### ABOUT THIS TASK
Your output should be the lines from the one with "Workplace Wellness- Telone" through the last line of the records below, exactly as written, minus the pictures.
═══ INFORMATION PROVIDED ═══
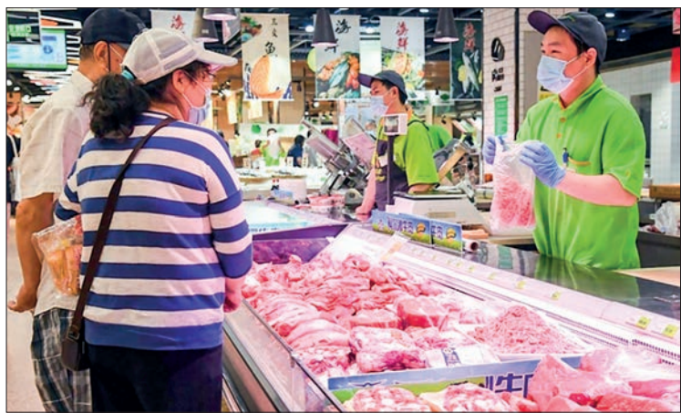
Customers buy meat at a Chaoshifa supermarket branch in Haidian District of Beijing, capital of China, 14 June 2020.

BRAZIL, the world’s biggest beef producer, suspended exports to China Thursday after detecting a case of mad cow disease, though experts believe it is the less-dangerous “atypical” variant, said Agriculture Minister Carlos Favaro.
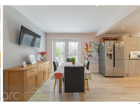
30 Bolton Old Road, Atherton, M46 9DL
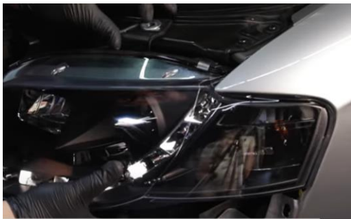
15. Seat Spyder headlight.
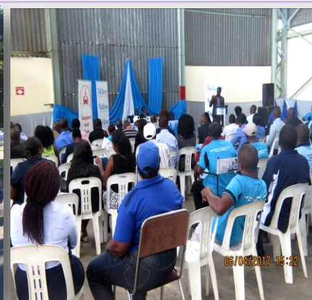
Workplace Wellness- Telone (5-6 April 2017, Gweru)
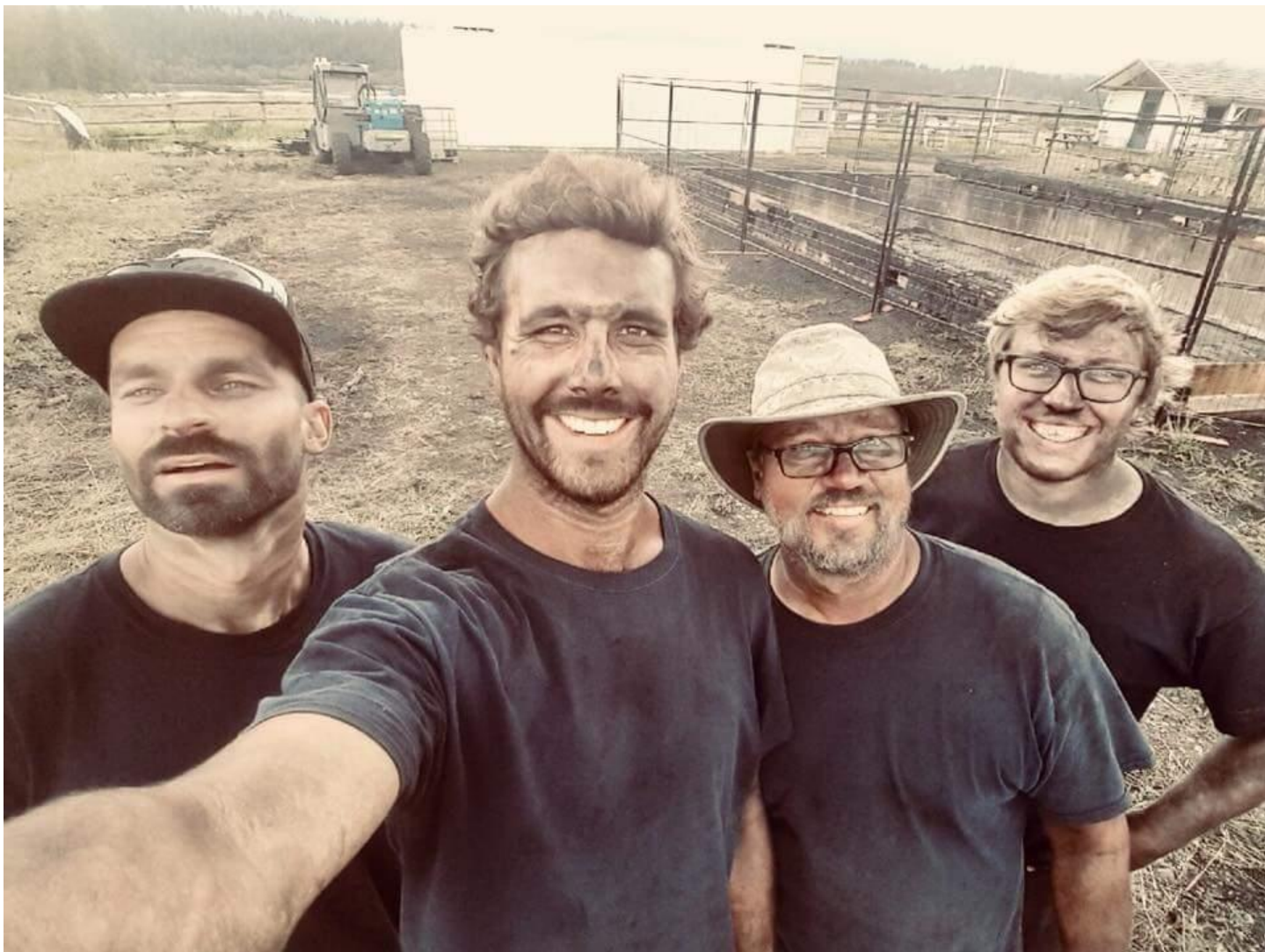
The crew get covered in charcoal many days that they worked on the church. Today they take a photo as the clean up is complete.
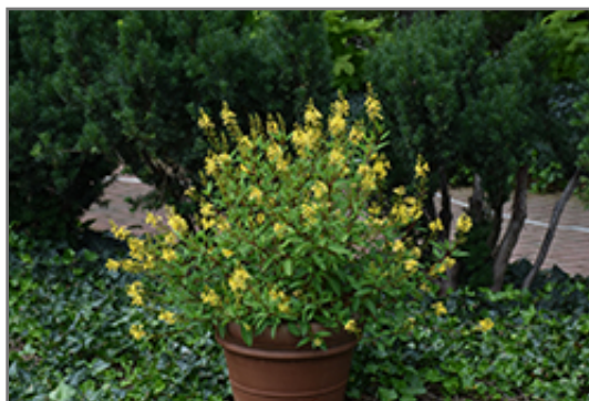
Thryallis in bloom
═══
### SOLVED EXERCISE
Workplace Wellness- Telone (5-6 April 2017, Gweru)
The crew get covered in charcoal many days that they worked on the church. Today they take a photo as the clean up is complete.
Thryallis in bloom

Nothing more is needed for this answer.